**TASK**.
Look in the data below for the line that has "1592. (RELIGION). BROZII, IACOBI: TRACTATUS", then print exactly every line from there through the line that has "Celtic Thistle Initials", leaving pictures out.

**Dataset records**.
┌────────

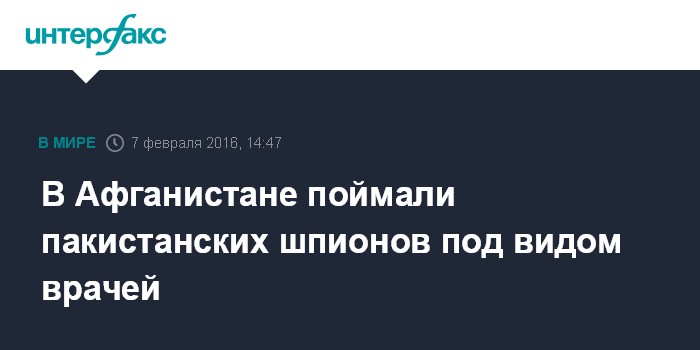 Москва. 7 февраля. INTERFAX.RU - В северо-восточной провинции Афганистана Бадахшан спецслужбы арестовали пятерых агентов пакистанской межведомственной разведки (ISI), сообщило национальное управление безопасности Афганистана.
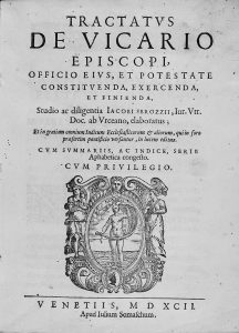 1592. (RELIGION). BROZII, IACOBI: TRACTATUS DE VICARIO EPISCOPI, OFFICIO EIUS, ET POTESTAE CONSTITUENDA, EXERCENDA, ET FINIENDA. Venetiis: apud Iulium Somaschum, 1592. 8º mayor. 30 h. + 163 fol. Grabado tipográfico en portada. Texto a dos...
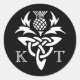 Celtic Thistle Initials - Black & White Classic Round Sticker
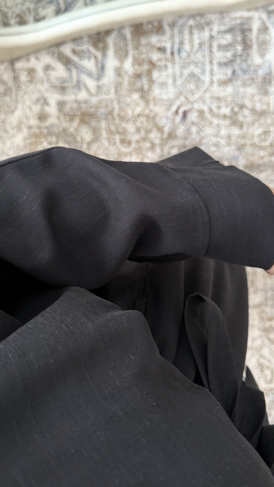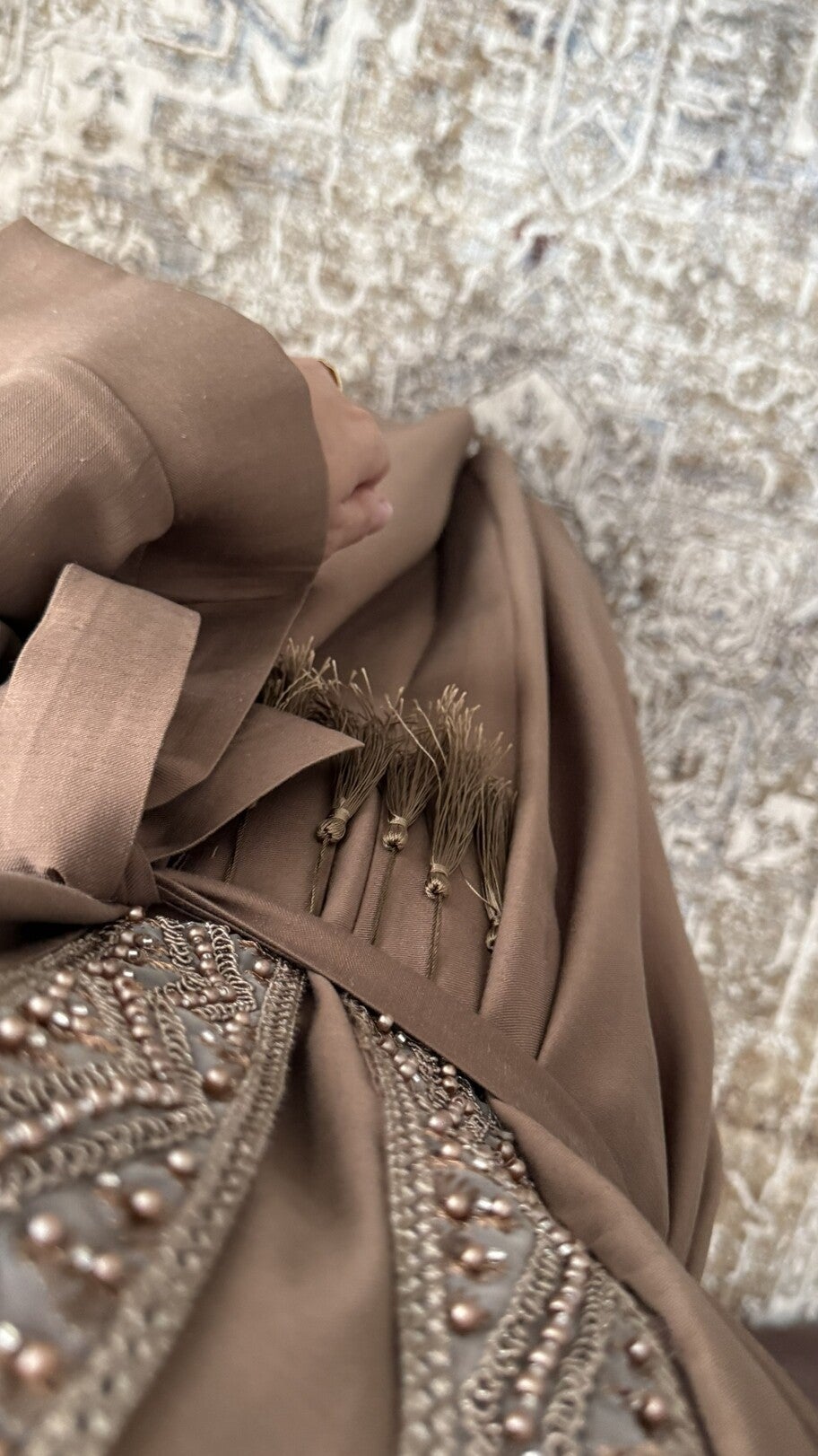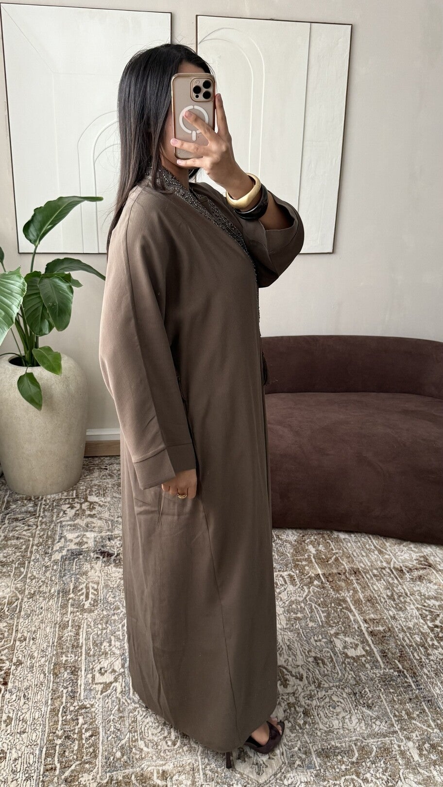 Tweedelige set bestaande uit een lange kimono en een bijpassende onderjurk die een ruime en elegante pasvorm biedt, gemaakt van kwalitatief materiaal met een vloeiende en gestructureerde val, verfraaid met delicate borduursels langs de kraag en voorzien van een ceintuur die bij de kimono wordt geleverd om het silhouet aan te passen voor een verfijnde en moderne uitstraling, geschikt voor klanten die op zoek zijn naar bedekkende en verfijnde kledingstukken
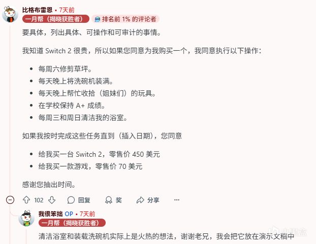 他甚至還補充到 比如有次主動洗碗(雖然剛好被媽媽撞見),他相信只要爸媽想起他這些日子的表現,就會認可他值得擁有Switch 2!

└────────

**TASK RESPONSE**.
 1592. (RELIGION). BROZII, IACOBI: TRACTATUS DE VICARIO EPISCOPI, OFFICIO EIUS, ET POTESTAE CONSTITUENDA, EXERCENDA, ET FINIENDA. Venetiis: apud Iulium Somaschum, 1592. 8º mayor. 30 h. + 163 fol. Grabado tipográfico en portada. Texto a dos...
 Celtic Thistle Initials - Black & White Classic Round Sticker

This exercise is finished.